_WHAT IS BEING ASKED_
Set down, word for word, only the lines from the start of the records through the line bearing "- Woven top"; include no pictures.
INPUT RECORDS Block Start
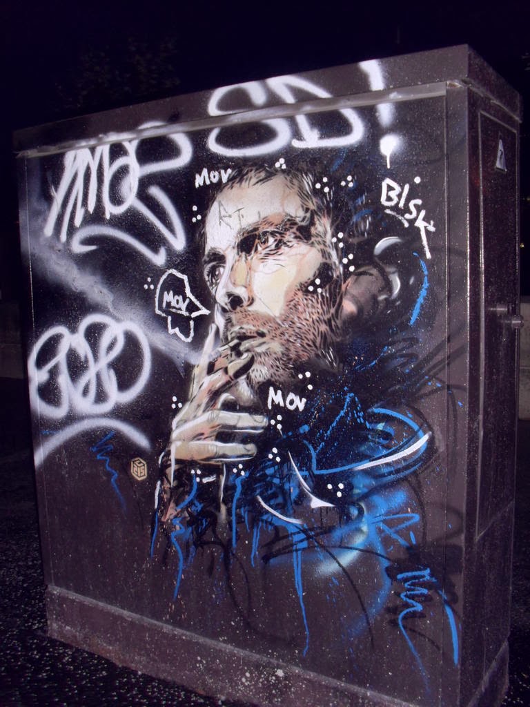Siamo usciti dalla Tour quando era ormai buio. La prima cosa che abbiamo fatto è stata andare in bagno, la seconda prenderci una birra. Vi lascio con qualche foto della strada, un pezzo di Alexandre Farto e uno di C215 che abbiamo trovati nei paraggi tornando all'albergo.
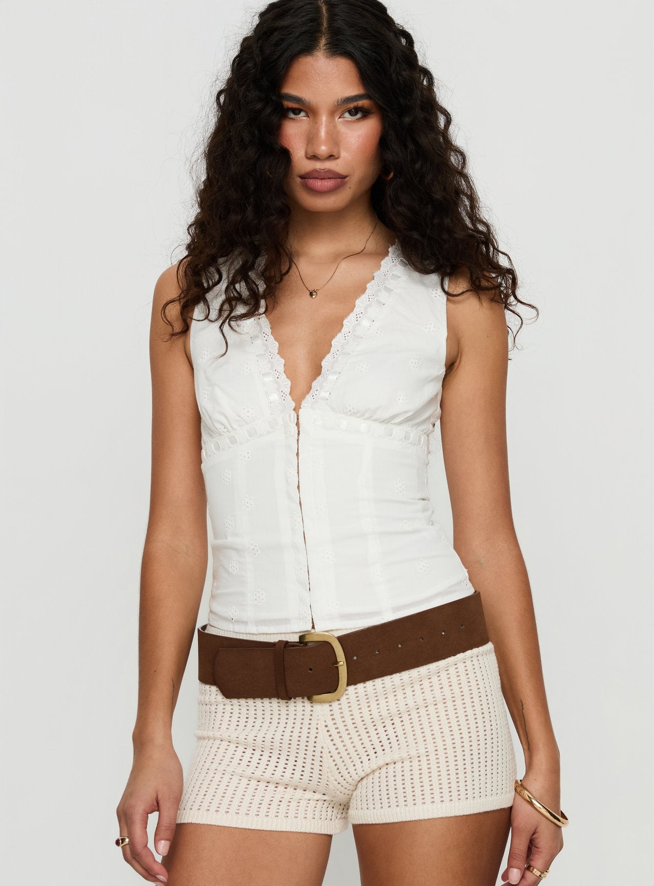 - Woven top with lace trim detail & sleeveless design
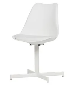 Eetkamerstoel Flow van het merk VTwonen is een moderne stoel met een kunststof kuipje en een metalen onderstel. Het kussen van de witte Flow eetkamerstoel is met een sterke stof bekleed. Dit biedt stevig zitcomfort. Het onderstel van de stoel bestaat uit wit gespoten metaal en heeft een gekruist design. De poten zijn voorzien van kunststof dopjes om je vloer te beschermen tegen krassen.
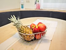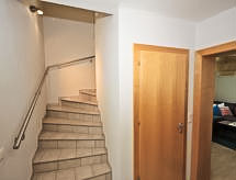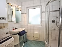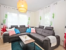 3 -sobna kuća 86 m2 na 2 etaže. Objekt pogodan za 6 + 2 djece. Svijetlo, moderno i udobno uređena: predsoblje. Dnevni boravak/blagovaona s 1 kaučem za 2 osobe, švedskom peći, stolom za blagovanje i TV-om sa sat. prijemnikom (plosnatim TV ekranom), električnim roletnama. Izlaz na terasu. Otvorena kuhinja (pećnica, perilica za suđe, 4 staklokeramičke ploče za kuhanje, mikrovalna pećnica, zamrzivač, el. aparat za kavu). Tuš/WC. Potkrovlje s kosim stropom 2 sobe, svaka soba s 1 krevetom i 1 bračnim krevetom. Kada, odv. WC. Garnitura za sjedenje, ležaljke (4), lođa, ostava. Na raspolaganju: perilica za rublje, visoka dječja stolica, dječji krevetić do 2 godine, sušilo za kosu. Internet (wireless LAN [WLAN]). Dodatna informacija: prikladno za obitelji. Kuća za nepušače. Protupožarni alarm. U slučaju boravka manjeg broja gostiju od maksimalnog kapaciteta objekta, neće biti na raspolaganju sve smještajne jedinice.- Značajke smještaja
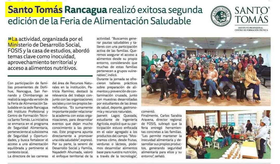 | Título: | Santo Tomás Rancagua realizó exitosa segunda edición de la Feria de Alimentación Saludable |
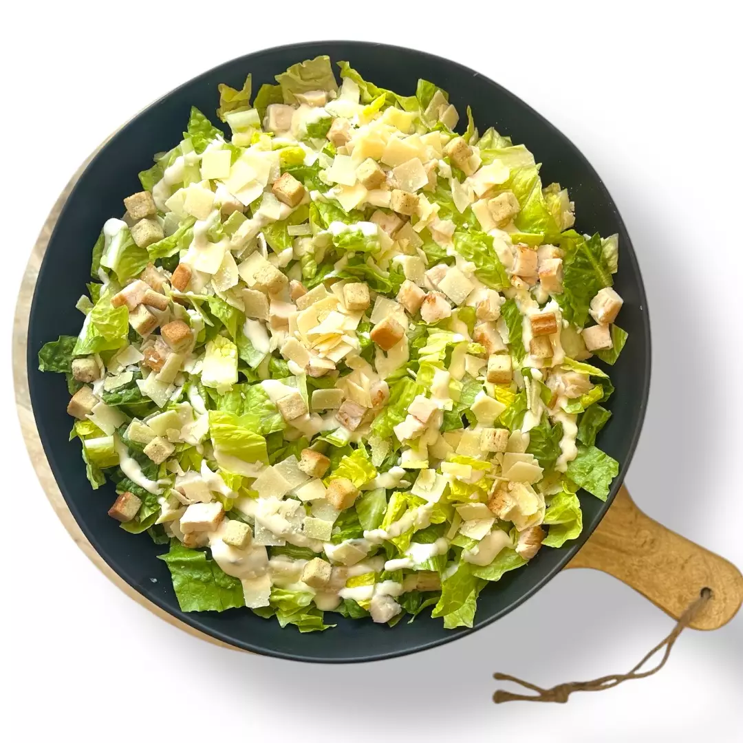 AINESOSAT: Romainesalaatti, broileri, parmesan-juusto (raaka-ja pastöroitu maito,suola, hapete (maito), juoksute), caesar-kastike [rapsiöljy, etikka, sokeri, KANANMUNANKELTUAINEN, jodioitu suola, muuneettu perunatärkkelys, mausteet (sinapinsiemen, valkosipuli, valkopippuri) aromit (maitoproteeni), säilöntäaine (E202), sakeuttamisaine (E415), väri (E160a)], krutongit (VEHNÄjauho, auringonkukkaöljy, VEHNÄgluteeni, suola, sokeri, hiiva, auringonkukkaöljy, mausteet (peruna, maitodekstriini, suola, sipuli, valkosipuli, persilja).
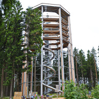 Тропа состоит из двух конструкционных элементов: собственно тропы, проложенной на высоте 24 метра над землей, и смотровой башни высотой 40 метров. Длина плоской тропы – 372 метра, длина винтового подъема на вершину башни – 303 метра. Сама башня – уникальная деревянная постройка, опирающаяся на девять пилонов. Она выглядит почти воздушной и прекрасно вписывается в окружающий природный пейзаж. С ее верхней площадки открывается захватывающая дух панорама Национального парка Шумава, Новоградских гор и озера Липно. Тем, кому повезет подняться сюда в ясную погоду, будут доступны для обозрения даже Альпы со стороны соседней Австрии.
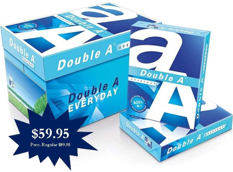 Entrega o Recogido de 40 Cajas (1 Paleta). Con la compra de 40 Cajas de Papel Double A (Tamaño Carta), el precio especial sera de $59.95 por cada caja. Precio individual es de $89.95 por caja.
INPUT RECORDS Block End
_WORKED SOLUTION_
Siamo usciti dalla Tour quando era ormai buio. La prima cosa che abbiamo fatto è stata andare in bagno, la seconda prenderci una birra. Vi lascio con qualche foto della strada, un pezzo di Alexandre Farto e uno di C215 che abbiamo trovati nei paraggi tornando all'albergo.
 - Woven top with lace trim detail & sleeveless design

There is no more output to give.